• [ACTIVITY]
Leaving out the pictures, return word for word the stretch of entries below from the line holding "すみっコぐらし ポケットポーチ すみっこぐらし" through the line holding "Weβre looking for".

• [DATA TO USE]
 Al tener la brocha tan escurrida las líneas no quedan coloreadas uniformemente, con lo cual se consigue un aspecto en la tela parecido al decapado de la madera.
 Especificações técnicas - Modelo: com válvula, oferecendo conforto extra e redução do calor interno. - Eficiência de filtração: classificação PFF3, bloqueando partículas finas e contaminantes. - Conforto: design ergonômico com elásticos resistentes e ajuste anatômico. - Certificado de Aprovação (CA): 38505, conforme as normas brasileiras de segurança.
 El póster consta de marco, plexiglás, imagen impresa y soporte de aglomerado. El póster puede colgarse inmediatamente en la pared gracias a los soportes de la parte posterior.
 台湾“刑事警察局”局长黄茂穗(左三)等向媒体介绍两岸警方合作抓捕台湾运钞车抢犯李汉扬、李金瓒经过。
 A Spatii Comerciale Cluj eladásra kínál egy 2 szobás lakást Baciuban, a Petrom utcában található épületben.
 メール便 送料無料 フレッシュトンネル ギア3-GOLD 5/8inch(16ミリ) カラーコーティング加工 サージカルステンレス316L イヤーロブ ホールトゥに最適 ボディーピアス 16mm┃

...

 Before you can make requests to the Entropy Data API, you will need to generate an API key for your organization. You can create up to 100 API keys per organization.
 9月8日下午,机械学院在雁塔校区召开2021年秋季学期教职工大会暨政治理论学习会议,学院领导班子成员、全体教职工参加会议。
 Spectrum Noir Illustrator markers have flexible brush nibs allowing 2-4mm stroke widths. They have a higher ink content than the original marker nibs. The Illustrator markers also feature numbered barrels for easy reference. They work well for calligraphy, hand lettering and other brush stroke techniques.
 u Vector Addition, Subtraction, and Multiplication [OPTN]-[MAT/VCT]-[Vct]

...

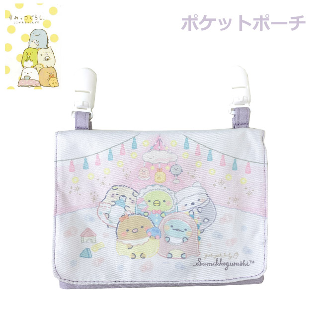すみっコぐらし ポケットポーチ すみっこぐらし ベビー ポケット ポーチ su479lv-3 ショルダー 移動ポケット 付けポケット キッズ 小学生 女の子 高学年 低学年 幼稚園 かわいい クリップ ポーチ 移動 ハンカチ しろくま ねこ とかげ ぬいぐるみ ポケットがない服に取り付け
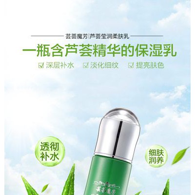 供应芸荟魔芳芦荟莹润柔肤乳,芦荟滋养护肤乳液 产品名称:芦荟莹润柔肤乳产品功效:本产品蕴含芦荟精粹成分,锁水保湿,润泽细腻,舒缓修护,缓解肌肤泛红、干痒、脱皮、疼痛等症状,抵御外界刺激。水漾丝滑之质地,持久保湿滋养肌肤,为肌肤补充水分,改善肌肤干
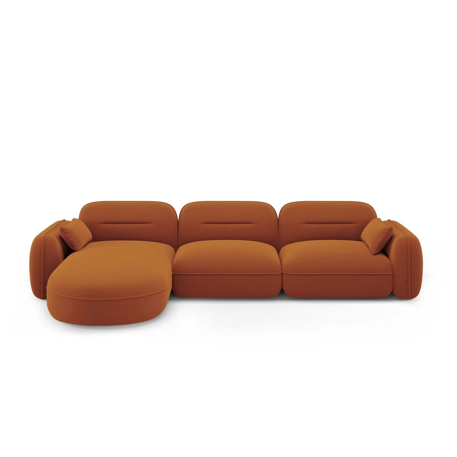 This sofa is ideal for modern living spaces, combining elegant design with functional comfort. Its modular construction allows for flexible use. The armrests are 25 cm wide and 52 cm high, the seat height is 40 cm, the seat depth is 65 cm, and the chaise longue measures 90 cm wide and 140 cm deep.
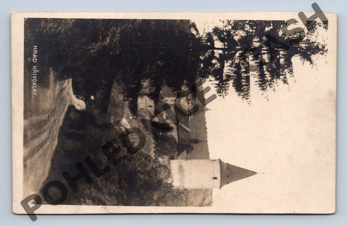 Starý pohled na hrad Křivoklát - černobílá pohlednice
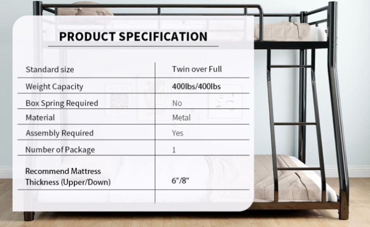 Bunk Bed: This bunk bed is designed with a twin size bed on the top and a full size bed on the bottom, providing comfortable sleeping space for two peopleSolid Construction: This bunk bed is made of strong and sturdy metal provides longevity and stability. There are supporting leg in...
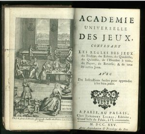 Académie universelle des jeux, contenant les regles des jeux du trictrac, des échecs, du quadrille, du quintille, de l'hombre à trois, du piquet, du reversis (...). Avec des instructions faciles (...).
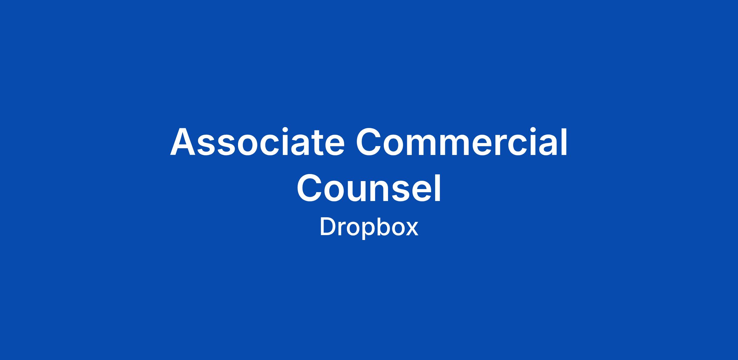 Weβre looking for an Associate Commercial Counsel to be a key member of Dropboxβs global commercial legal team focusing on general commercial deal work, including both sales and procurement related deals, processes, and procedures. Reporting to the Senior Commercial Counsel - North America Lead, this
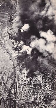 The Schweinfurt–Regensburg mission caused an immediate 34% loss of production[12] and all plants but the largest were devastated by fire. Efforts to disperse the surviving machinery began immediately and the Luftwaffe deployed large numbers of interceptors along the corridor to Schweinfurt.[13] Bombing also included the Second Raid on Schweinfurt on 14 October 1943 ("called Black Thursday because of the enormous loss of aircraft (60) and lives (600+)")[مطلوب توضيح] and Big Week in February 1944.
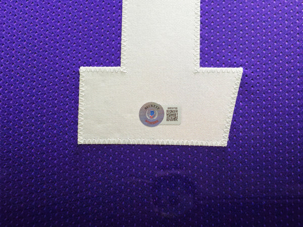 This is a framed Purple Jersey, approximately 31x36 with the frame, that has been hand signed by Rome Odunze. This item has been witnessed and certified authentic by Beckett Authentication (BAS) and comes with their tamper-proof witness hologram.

• [ANSWER]
すみっコぐらし ポケットポーチ すみっこぐらし ベビー ポケット ポーチ su479lv-3 ショルダー 移動ポケット 付けポケット キッズ 小学生 女の子 高学年 低学年 幼稚園 かわいい クリップ ポーチ 移動 ハンカチ しろくま ねこ とかげ ぬいぐるみ ポケットがない服に取り付け
 供应芸荟魔芳芦荟莹润柔肤乳,芦荟滋养护肤乳液 产品名称:芦荟莹润柔肤乳产品功效:本产品蕴含芦荟精粹成分,锁水保湿,润泽细腻,舒缓修护,缓解肌肤泛红、干痒、脱皮、疼痛等症状,抵御外界刺激。水漾丝滑之质地,持久保湿滋养肌肤,为肌肤补充水分,改善肌肤干
 This sofa is ideal for modern living spaces, combining elegant design with functional comfort. Its modular construction allows for flexible use. The armrests are 25 cm wide and 52 cm high, the seat height is 40 cm, the seat depth is 65 cm, and the chaise longue measures 90 cm wide and 140 cm deep.
 Starý pohled na hrad Křivoklát - černobílá pohlednice
 Bunk Bed: This bunk bed is designed with a twin size bed on the top and a full size bed on the bottom, providing comfortable sleeping space for two peopleSolid Construction: This bunk bed is made of strong and sturdy metal provides longevity and stability. There are supporting leg in...
 Académie universelle des jeux, contenant les regles des jeux du trictrac, des échecs, du quadrille, du quintille, de l'hombre à trois, du piquet, du reversis (...). Avec des instructions faciles (...).
 Weβre looking for an Associate Commercial Counsel to be a key member of Dropboxβs global commercial legal team focusing on general commercial deal work, including both sales and procurement related deals, processes, and procedures. Reporting to the Senior Commercial Counsel - North America Lead, this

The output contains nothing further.